Required action -
Retype only the lines below from the one with "注意力机制是最基本的智能算子" to the one with "Химресурс по адресу", inclusive, skipping every image.

Provided material -
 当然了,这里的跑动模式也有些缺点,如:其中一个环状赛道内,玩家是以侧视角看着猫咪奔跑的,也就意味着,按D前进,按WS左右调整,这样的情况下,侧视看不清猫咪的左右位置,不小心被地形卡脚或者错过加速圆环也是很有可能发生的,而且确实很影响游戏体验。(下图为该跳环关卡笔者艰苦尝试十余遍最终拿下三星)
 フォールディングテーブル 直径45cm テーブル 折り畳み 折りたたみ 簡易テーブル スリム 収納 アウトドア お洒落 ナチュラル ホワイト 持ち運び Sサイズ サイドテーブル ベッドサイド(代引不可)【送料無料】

* * *

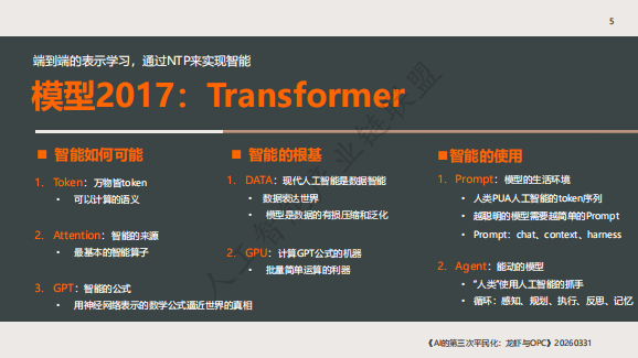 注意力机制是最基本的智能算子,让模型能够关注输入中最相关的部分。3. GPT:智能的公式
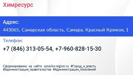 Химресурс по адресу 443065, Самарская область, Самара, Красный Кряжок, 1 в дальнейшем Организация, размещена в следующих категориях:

Answer space -
 注意力机制是最基本的智能算子,让模型能够关注输入中最相关的部分。3. GPT:智能的公式
 Химресурс по адресу 443065, Самарская область, Самара, Красный Кряжок, 1 в дальнейшем Организация, размещена в следующих категориях:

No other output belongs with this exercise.